“Says She Was Born Free”

Looking out over the water from Birchtown, NS. 2017.

I’m reading the Book of Negroes. Not the novel by Lawrence Hill, the one with the indomitable Aminata Diallo as main character. No. This time, I’m reading the real thing, the list of Black Loyalists who arrived in Nova Scotia in 1783.

As I previously experienced with slave registers and plantation account books, it’s one thing to know that such materials exist. It’s another thing entirely to be reading the real thing, to see the names, to be able to follow the handwriting, to learn what was important to those who documented the 3000 Black Loyalists – free men and women – who made their way to Nova Scotia in the late nineteenth century.

There’s a weightiness here; this history pulls you in and it’s not easy. As a reader, I need to take my time, but more than this, I need to sit with my discomfort and my grief and my hope for all of these people, their histories, their hopes, their griefs, their dreams.

I didn’t know that the Book of Negroes included descriptions of the condition of each person. I shouldn’t have been surprised, of course. As commodities, enslaved Black folks were measured by their physical capacity for labour: their gender, age, health, strength, reproductive capacity were all assessed. And yet.

Here in the Book of Negroes, I find annotations that recall those found in fugitive slave advertisements:

“Worn out”

“Stout fellow”

“Fine Wench”

“Ordinary Wench”

“Sickly Wench”

“Fine Lad”

“Fine Boy”

“Stout Girl”

What makes a person fine, ordinary, stout, or sickly? When does a girl become a wench? Or a boy turn into a lad or a fellow? Why were these details important? Why did they even matter?

As a twenty-first century reader, variations on a single phrase stands out in high relief:

“Says She Was Born Free.”

What a statement of agency, and what a promise for the future. She says. Her word mattered. Nobody else’s. Born Free. An almost impossible dream for the generations that preceded her. Where could freedom lead?

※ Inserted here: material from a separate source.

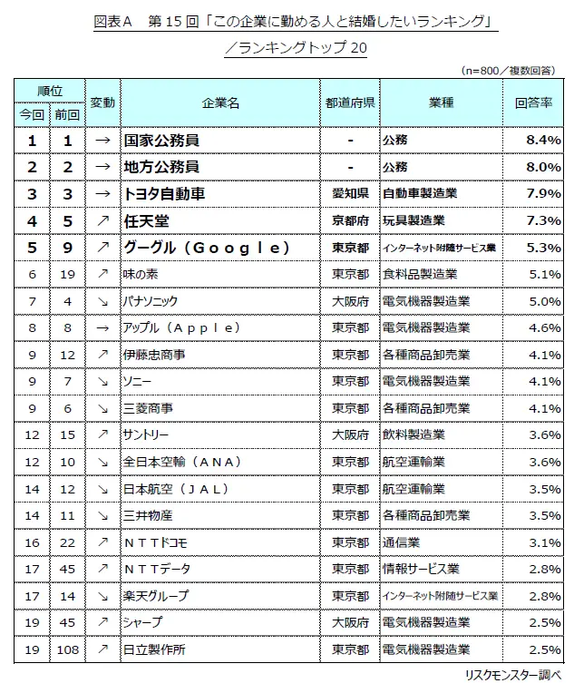 この調査によると、1位には変わらず「国家公務員」が選ばれ、2位には「地方公務員」、3位には「トヨタ自動車」が続いています。特に公務員は、過去10回にわたってトップ2に位置しており、その人気の理由は「安定性」と「給与」です。結婚を考える上で、多くの人が「安定収入」を重視していることが明らかです。

Many Black Loyalists settled in Birchtown, a community in Shelburne County. But they found life in Nova Scotia challenging. Many were not granted the land they were promised, and those who did found themselves working on small, rocky plots. While they were promised provisions, some never received them, and as a result of these conditions, many were forced into indentured servitude. In 1784, in neighbouring Shelburne, a community largely settled by white Loyalists (many of whom had brought enslaved Black folks with them), a race riot saw at least ten days of white settler violence targeting free Black Loyalists. The violence also spread to Birchtown. In January 1792, less than a decade after their arrival, some 1200 Black Loyalists boarded fifteen ships in Halifax and left Nova Scotia in search of better lives in Sierra Leone.

Other stayed. Some remained in Birchtown. Others moved to different parts of the province, building strong families and communities and legacies.

“Says She Was Born Free.”

Black Loyalist Heritage Centre, Birchtown, NS, 2017.